Опираясь на эти положения Чернышевского, Добролюбов стал основателем особого подхода к анализу литературного произведения. Он видел, что большинство русских писателей не разделяет революционного образа мыслей и не произносит приговор над жизнью с таких радикальных позиций. А потому задачу своей критики Добролюбов усматривал в том, чтобы по-своему завершить начатое писателем дело и сформулировать свой «приговор», используя художественные образы произведения. Свой метод Добролюбов называл «реальной критикой».
Реальная критика «разбирает, возможно ли и действительно ли такое лицо; нашедши же, что оно верно действительности, она переходит к своим собственным соображениям о причинах, породивших его, и т. д. Если в произведении разбираемого автора эти причины указаны, критика пользуется ими и благодарит автора; если нет, не пристает к нему с ножом к горлу – как, дескать, он смел вывести такое лицо, не объяснивши причин его существования?» Критик берёт в этом случае инициативу в свои руки: объясняет причины, породившие то или иное явление, с революционных позиций и произносит над ним приговор.
Добролюбов положительно оценивает, например, роман Гончарова «Обломов», хотя автор, по его мнению, «не даёт и, по-видимому, не хочет дать никаких выводов». Достаточно того, что Гончаров «представляет вам живое изображение и ручается только за сходство его с действительностью». Для Добролюбова подобная объективность вполне приемлема и даже желательна, так как объяснение и приговор критик берёт на себя сам. Если же автор тенденциозен, критик этого как бы не замечает и даёт характерам и событиям в произведении свою интерпретацию.
Пользуясь методом реальной критики, Добролюбов перетолковывал художественное произведение писателя на свой революционно-демократический лад. Анализ произведения не только перерастал в осмысление острых проблем современности, превращаясь в разговор «по поводу», но и приводил Добролюбова к выводам, которые никак не предполагал сам автор.

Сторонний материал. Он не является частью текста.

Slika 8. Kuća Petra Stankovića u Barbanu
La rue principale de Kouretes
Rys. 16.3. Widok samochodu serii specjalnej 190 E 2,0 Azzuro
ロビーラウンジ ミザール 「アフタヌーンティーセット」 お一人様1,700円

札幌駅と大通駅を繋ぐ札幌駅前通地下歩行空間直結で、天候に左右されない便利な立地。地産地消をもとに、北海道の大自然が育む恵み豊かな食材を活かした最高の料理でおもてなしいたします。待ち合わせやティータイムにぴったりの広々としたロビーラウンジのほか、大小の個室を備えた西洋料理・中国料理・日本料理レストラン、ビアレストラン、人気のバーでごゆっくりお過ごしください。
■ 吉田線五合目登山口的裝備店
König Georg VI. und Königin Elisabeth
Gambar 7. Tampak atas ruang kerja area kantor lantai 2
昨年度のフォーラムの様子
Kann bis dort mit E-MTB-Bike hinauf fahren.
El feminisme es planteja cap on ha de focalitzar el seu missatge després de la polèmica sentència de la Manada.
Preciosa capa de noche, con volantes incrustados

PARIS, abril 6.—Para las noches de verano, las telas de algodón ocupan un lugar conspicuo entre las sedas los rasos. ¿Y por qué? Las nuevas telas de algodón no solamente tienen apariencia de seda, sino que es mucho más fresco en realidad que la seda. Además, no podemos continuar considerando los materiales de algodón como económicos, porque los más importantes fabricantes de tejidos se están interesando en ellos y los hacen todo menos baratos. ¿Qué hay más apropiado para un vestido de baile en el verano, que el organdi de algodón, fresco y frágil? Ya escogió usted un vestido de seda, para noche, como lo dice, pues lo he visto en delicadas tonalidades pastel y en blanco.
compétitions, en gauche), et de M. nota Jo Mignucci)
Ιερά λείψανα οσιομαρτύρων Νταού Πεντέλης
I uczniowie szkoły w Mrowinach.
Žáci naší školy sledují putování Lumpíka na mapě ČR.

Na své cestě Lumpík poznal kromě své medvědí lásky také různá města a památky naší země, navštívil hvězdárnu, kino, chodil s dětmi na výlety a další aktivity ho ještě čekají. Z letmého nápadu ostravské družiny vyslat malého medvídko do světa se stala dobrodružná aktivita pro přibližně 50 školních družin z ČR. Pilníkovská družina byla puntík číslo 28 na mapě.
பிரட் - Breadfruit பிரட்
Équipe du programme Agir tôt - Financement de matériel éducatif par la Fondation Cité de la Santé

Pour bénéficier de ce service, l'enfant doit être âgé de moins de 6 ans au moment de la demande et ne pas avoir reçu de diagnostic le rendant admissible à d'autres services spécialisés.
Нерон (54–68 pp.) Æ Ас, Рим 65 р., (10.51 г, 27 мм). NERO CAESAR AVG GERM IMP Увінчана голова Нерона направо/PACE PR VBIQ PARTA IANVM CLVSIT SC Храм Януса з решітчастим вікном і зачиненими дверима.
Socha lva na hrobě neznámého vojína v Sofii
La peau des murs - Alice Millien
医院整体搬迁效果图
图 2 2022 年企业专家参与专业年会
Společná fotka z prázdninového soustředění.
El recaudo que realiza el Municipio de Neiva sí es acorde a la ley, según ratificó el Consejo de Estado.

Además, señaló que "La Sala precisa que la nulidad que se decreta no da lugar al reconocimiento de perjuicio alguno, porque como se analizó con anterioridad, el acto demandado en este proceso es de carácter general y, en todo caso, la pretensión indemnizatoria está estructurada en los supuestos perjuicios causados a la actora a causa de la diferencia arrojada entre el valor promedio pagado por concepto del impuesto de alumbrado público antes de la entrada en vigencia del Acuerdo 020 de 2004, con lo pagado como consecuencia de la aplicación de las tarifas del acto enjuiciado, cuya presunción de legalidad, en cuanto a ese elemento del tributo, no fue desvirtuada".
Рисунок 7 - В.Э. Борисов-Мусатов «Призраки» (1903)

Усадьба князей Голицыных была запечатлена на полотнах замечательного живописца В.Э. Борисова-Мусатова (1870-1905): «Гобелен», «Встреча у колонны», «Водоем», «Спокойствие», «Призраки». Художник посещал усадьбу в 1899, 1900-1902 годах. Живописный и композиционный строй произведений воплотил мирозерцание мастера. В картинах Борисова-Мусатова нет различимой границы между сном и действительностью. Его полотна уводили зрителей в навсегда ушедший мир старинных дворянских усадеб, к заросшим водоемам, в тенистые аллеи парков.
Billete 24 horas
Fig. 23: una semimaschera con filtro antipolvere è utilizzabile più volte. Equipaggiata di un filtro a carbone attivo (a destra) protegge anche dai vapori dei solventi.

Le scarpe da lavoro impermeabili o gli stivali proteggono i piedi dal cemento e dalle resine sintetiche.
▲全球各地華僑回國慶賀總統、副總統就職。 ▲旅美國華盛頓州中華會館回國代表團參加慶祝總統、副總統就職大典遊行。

На этой почве, как мы увидим далее, произошёл решительный разрыв Тургенева с журналом «Современник», когда статья Добролюбова о романе «Накануне» увидела в нём свет.
К 1859 году, когда правительственная программа реформ и взгляды на них либералов прояснились, когда стало очевидно, что перемены сверху будут непоследовательными и осторожными, революционеры-демократы от шаткого союза с либералами перешли к разрыву отношений с ними. Обличению либерализма Добролюбов посвятил специальный сатирический отдел в журнале «Современник» под названием «Свисток», где он успешно выступал в роли талантливого поэта-юмориста под тремя сатирическими масками: поэта чистого искусства Аполлона Капелькина, либерала-обличителя Конрада Лилиеншвагера и тупого реакционера Якова Хама.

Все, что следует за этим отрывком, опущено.